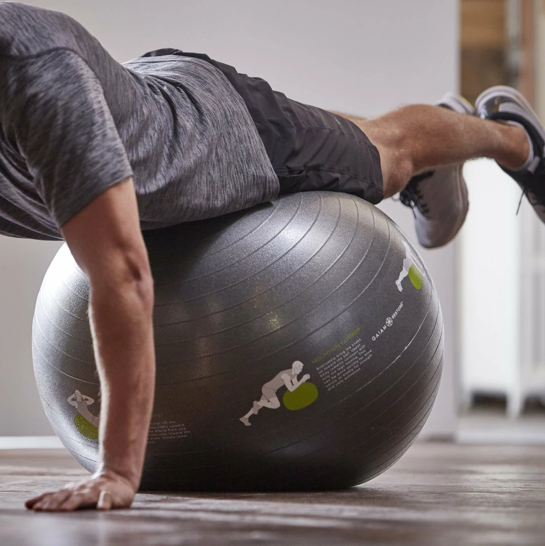 - Self-guided 65 cm stability ball
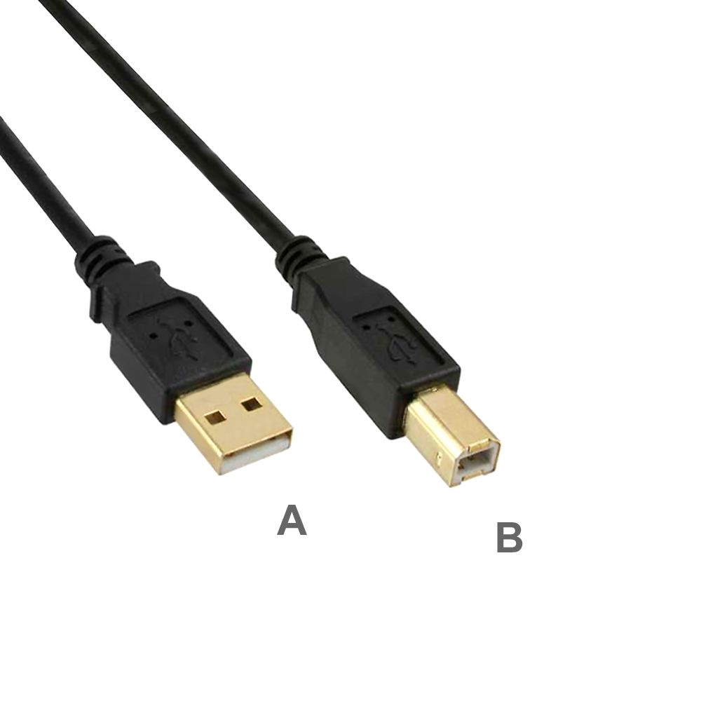 USB-Kabel vom Typ Stecker A auf Stecker B werden z.B. häufig für Drucker, HUBs, Umschalter, Scanner und Webcams eingesetzt. A/B-Kabel dienen allgemein zum Anschluß von peripheren USB-Komponenten an den Computer. Der Stecker Typ A wird am PC eingesteckt. Der Stecker Typ B ist der Standardanschluss für USB-Geräte. Durch die verschiedenen Steckertypen wird sichergestellt, dass keine Kurzschlüsse bzw. Ringschaltungen entstehen können.
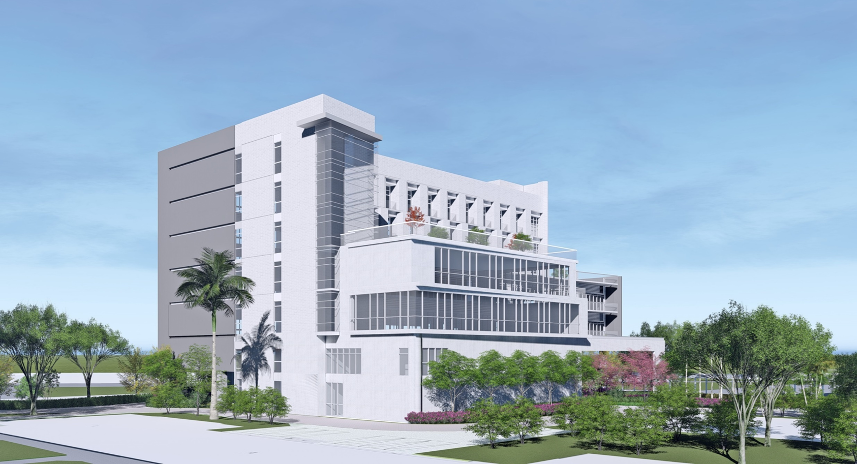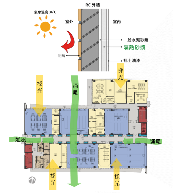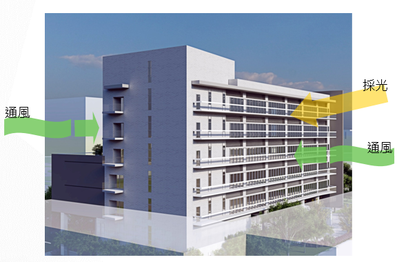 建築物平面規劃採南北配置,CORE安排於中央走廊東西二端,走廊兩端設置陽台及對外開窗,使走廊有通風採光,南北向立面採大面積開窗及長條陽台,大大增加了實驗教室之採光與通風。

**Required action**
When you retype the listing, keep every line exactly as it is and drop the pictures.

**Response to this exercise**
 - Self-guided 65 cm stability ball
 USB-Kabel vom Typ Stecker A auf Stecker B werden z.B. häufig für Drucker, HUBs, Umschalter, Scanner und Webcams eingesetzt. A/B-Kabel dienen allgemein zum Anschluß von peripheren USB-Komponenten an den Computer. Der Stecker Typ A wird am PC eingesteckt. Der Stecker Typ B ist der Standardanschluss für USB-Geräte. Durch die verschiedenen Steckertypen wird sichergestellt, dass keine Kurzschlüsse bzw. Ringschaltungen entstehen können.
 建築物平面規劃採南北配置,CORE安排於中央走廊東西二端,走廊兩端設置陽台及對外開窗,使走廊有通風採光,南北向立面採大面積開窗及長條陽台,大大增加了實驗教室之採光與通風。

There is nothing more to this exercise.